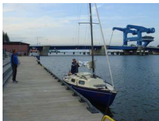
Warten auf die Brückenöffnung in Wolgast
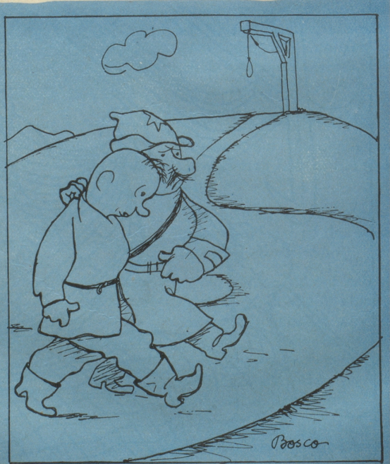
Der Baumeister dieses Hauses wird verhaftet.
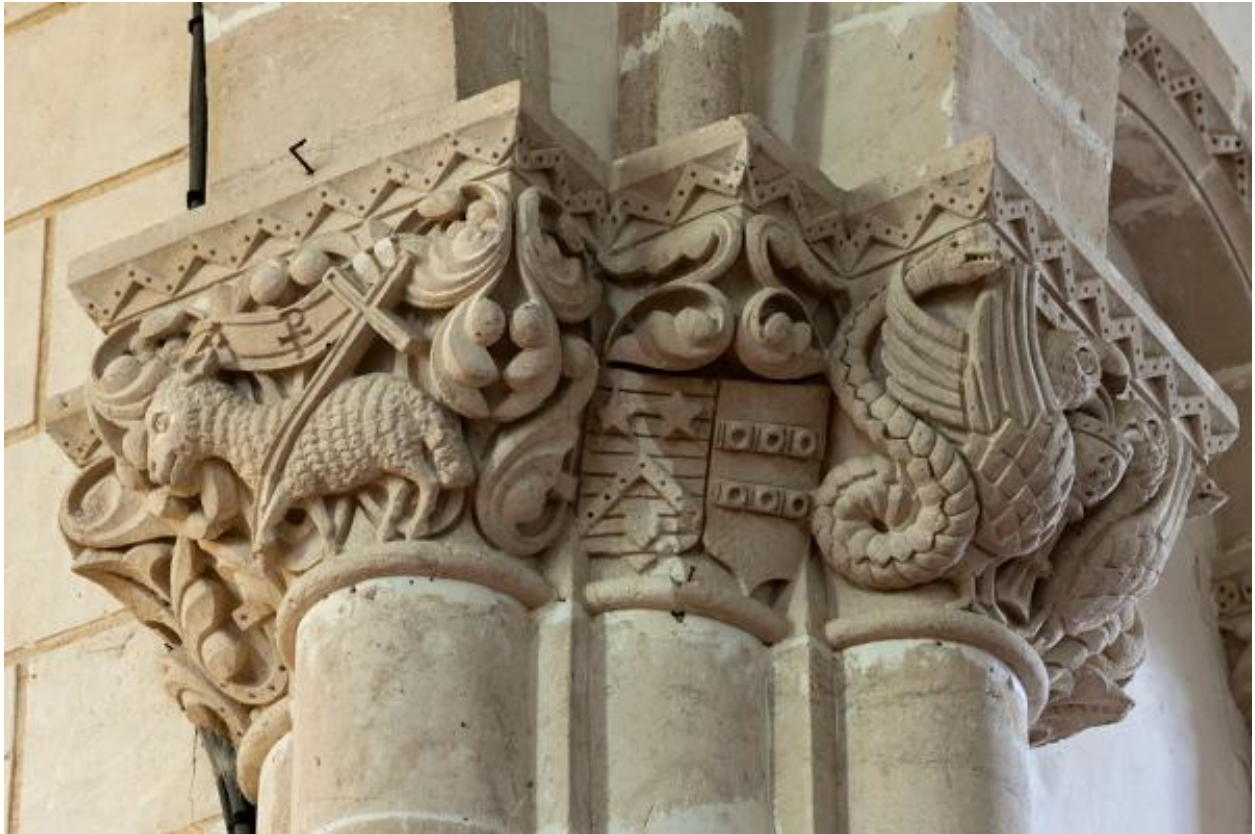
Chapiteaux sculptés de la pile sud-est de la croisée.
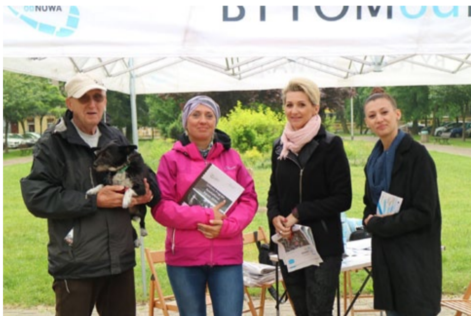
...na Placu Słowiańskim...
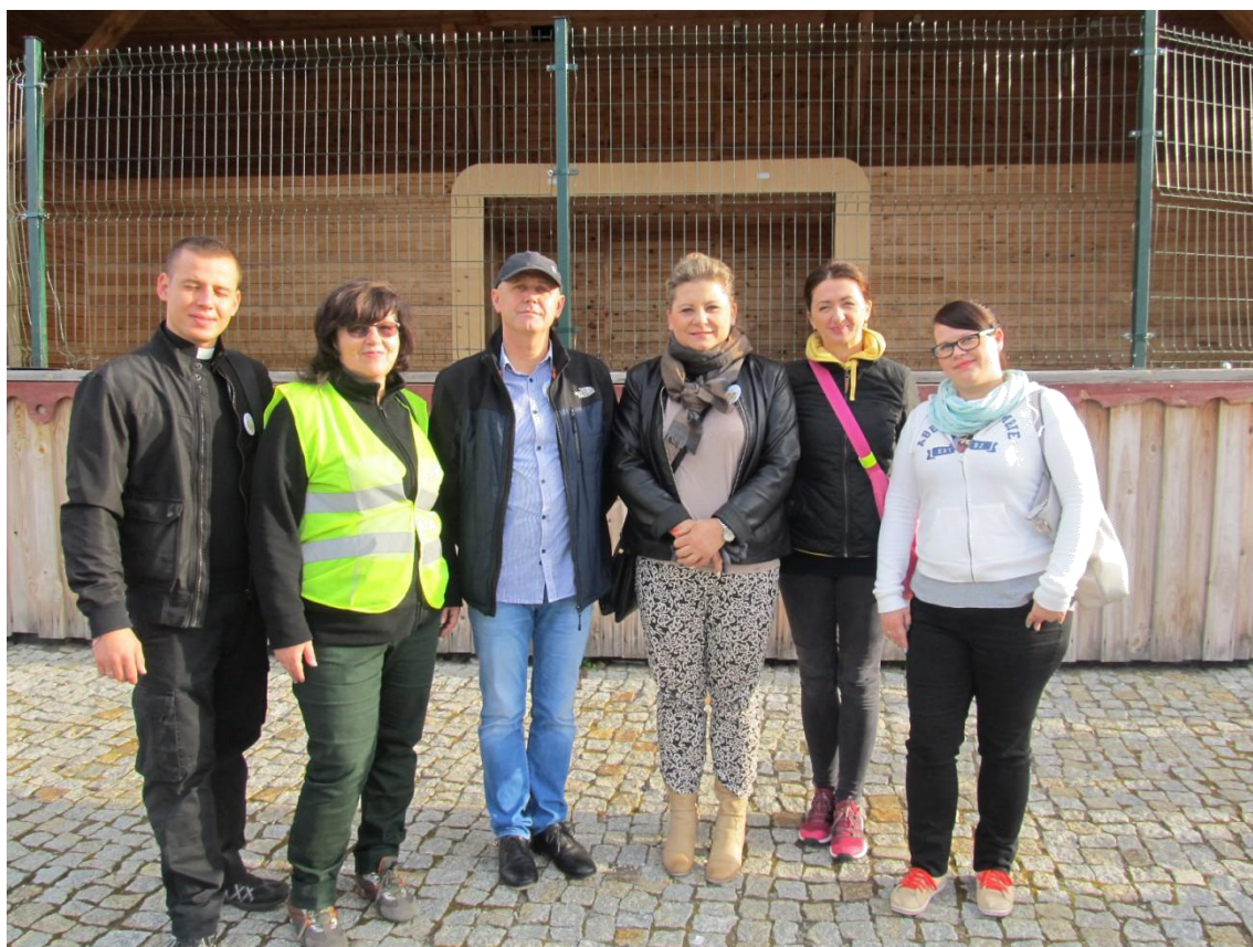
Opiekunowie grup i komenda rajdu
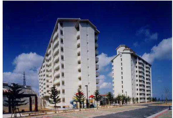
沖縄市八重島2-12-1(地図:外部サイトへリンク)
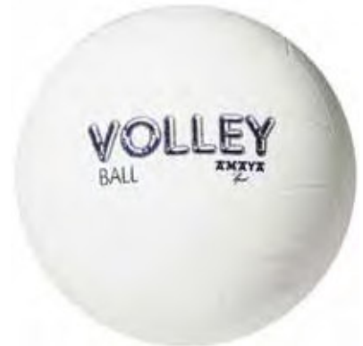
700 170 Balón voleibol termoplástico. Fabricado en una única pieza. Peso 260 gr. Ø 210 mm. Muy resistente y adecuado para patio de colegio.

Volleyball Soft TPE. Weight: 260 gr. Ø 210 mm.
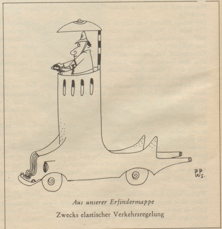
Aus unserer Erfindermappe Zwecks elastischer Verkehrsregelung

Ferien gönnt er sich kaum, denn als Oberstleutnant muß er in seinen Mußwochen die Probleme der Landesverteidigung lösen helfen. Man würde es kaum glauben, aber es stimmt: dieser energische, ums Gemeinwohl so besorgte weltoffene Mann findet abends noch Zeit, nach Konstanz zu fahren, um dort den Kontakt mit dem benachbarten deutschen Volk zu pflegen!»

> _Brief_
Once the images are dropped, set down the remaining material word for word.

> _Reply_
Warten auf die Brückenöffnung in Wolgast
Der Baumeister dieses Hauses wird verhaftet.
Chapiteaux sculptés de la pile sud-est de la croisée.
...na Placu Słowiańskim...
Opiekunowie grup i komenda rajdu
沖縄市八重島2-12-1(地図:外部サイトへリンク)
700 170 Balón voleibol termoplástico. Fabricado en una única pieza. Peso 260 gr. Ø 210 mm. Muy resistente y adecuado para patio de colegio.

Volleyball Soft TPE. Weight: 260 gr. Ø 210 mm.
Aus unserer Erfindermappe Zwecks elastischer Verkehrsregelung

Ferien gönnt er sich kaum, denn als Oberstleutnant muß er in seinen Mußwochen die Probleme der Landesverteidigung lösen helfen. Man würde es kaum glauben, aber es stimmt: dieser energische, ums Gemeinwohl so besorgte weltoffene Mann findet abends noch Zeit, nach Konstanz zu fahren, um dort den Kontakt mit dem benachbarten deutschen Volk zu pflegen!»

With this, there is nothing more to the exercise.